Elon Musk s'est adressé hier à une session virtuelle du G20, exposant ses prédictions sur l'IA, les robots humanoïdes et la réglementation. Selon Musk, d’ici 10 ans, 1 milliard de robots humanoïdes dépasseront l’humanité entière.
Elon Musk s’est adressé hier à une session virtuelle du G20, exposant ses prédictions sur l’IA, les robots humanoïdes et la réglementation. Selon Musk, d’ici 10 ans, 1 milliard de robots humanoïdes dépasseront l’humanité entière.
CNBC rapporte que Musk a abordé quatre sujets : les contraintes de pouvoir sur l’IA, le potentiel économique de la technologie, la robotique humanoïde et la manière dont les gouvernements devraient réglementer les technologies émergentes.
C’est dans la robotique que Musk est devenu plus précis sur la mécanique. Il a décrit l’utilité des robots humanoïdes comme le produit de trois facteurs : le logiciel d’IA, la puce d’IA embarquée et la dextérité électromécanique, en particulier dans les mains. Tous trois s’améliorent de façon exponentielle, a-t-il déclaré. Une fois que les robots commencent à fabriquer d’autres robots, la croissance devient récursive : lente d’abord, puis explosive. Il a qualifié ses propres prévisions sur dix ans de prudentes, projetant plus d’un milliard de robots humanoïdes, chacun environ cinq fois plus productif qu’une personne. Ensemble, cette flotte surpasserait toute l’humanité. C’est dans cette couche physique, et non dans l’économie numérique, qu’il s’attend, selon lui, que la production économique globale soit multipliée par dix, voire plus.

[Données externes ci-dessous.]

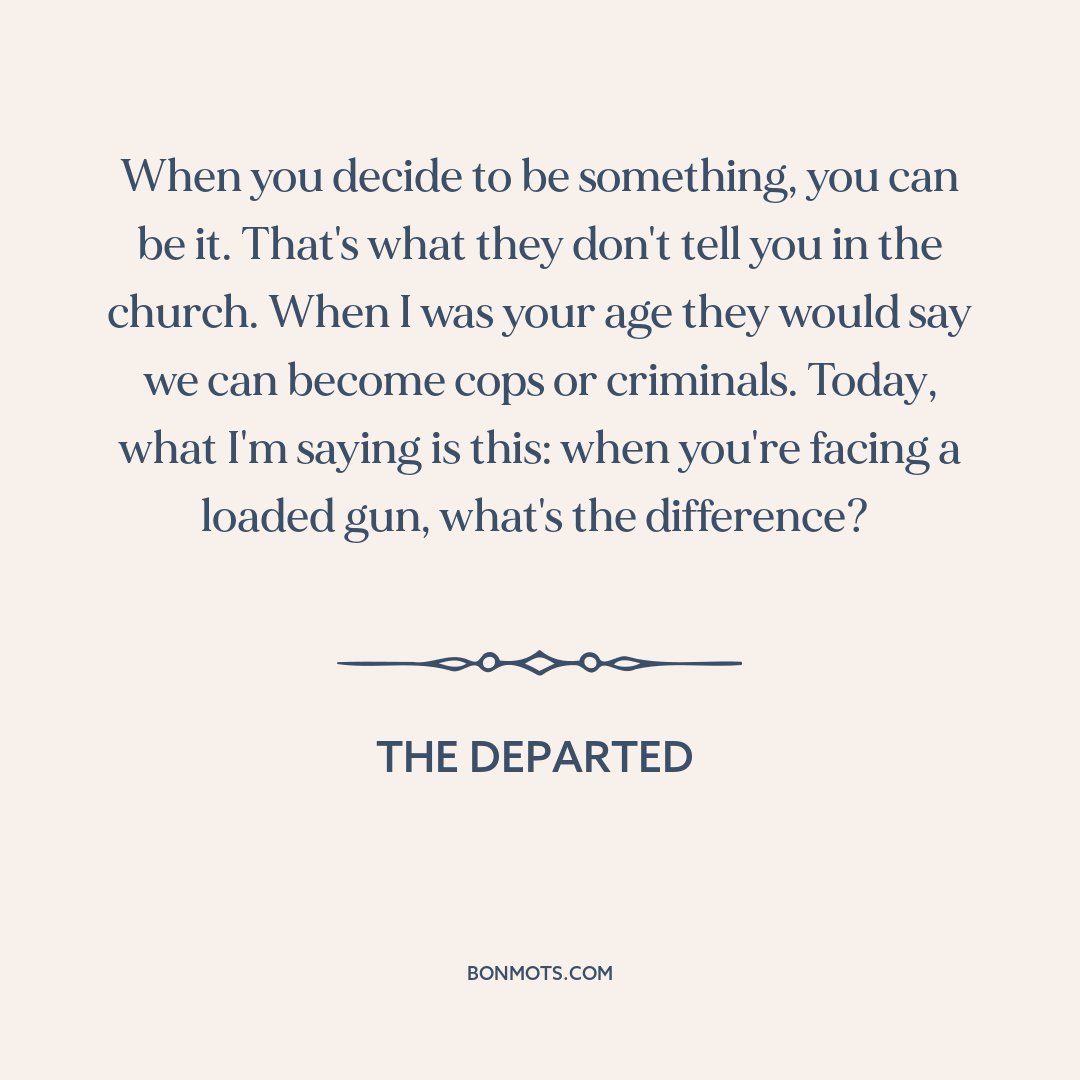 When you decide to be something, you can be it. That's what they don't tell you in the church. When I was your age they would say we can become cops or criminals. Today, what I'm saying is this: when you're facing a loaded gun, what's the difference?

Concernant l’énergie, Musk a cité une estimation consensuelle selon laquelle les puces IA connaîtront un déficit d’au moins 15 gigawatts d’ici 2027. La production de puces IA augmente d’environ 40 à 50 pour cent par an, a-t-il déclaré, tandis que la production d’électricité en dehors de la Chine ne croît que d’environ 10 à 20 pour cent par an. Selon lui, c’est cet écart qui limite en réalité la croissance de l’industrie, et non l’offre de puces elle-même. Musk a déclaré que Google, Anthropic et d’autres sociétés louaient désormais de la capacité informatique à SpaceX, qui a construit ses propres centrales électriques pour mettre rapidement cette capacité en ligne. La Chine dispose d’une électricité abondante, a-t-il noté, mais elle ne peut pas importer les dernières puces en raison des interdictions d’exportation de GPU. Son conseil aux autres pays : développer la production d’électricité, héberger des centres de données d’IA, puis les taxer ou facturer des frais pour ce privilège.
Musk a également évoqué les avantages économiques : une augmentation de 20 à 30 % de l’économie mondiale grâce à la seule IA numérique, soit environ 20 à 30 000 milliards de dollars par an. D’ici la fin de l’année prochaine, a-t-il déclaré, l’IA devrait gérer toute tâche numérique qui ne nécessite pas de façonner physiquement les atomes à la main. Concernant les logiciels en particulier, il a prédit que l’IA atteindrait le « niveau Stockfish » d’ici 12 à 18 mois environ, invoquant le moteur d’échecs comme référence et mentionnant dans le même souffle Magnus Carlsen, quintuple champion du monde d’échecs. Cette même fenêtre, a-t-il déclaré, s’applique plus largement à l’intelligence artificielle devenant extrêmement performante dans les domaines de l’ingénierie et d’autres travaux numériques. Il a également désigné X, la plate-forme qu’il possède, comme le lieu où, selon lui, se déroulent presque tous les discours sérieux sur l’IA.
En matière de réglementation, la position de Musk était que les nouvelles technologies devraient être traitées comme légales par défaut plutôt qu’illégales par défaut. Il a cité l’Union européenne comme exemple de réglementation lourde qui ralentit les progrès sans les arrêter. Utilisant une image de jeunes arbres contre de grands arbres dans une forêt, il a comparé les startups aux jeunes arbres et les entreprises existantes aux arbres établis, arguant que la plupart des gouvernements soutiennent excessivement les arbres tout en affamant les jeunes arbres. Les grandes entreprises ont accès à des dirigeants politiques, ce que les startups n’ont généralement pas, a-t-il déclaré, et il pense que la politique devrait être délibérément orientée vers les jeunes entreprises pour corriger ce déséquilibre.
Breitbart News a déjà fait état de la suggestion de Musk selon laquelle les Américains encaisseraient leur épargne-retraite parce que l’IA leur fournirait tout ce dont ils ont besoin :
[…] La suite de l’article est à lire sur Breitbart via le lien ci-dessous.
Traduit automatiquement de l’anglais. Le texte original fait foi.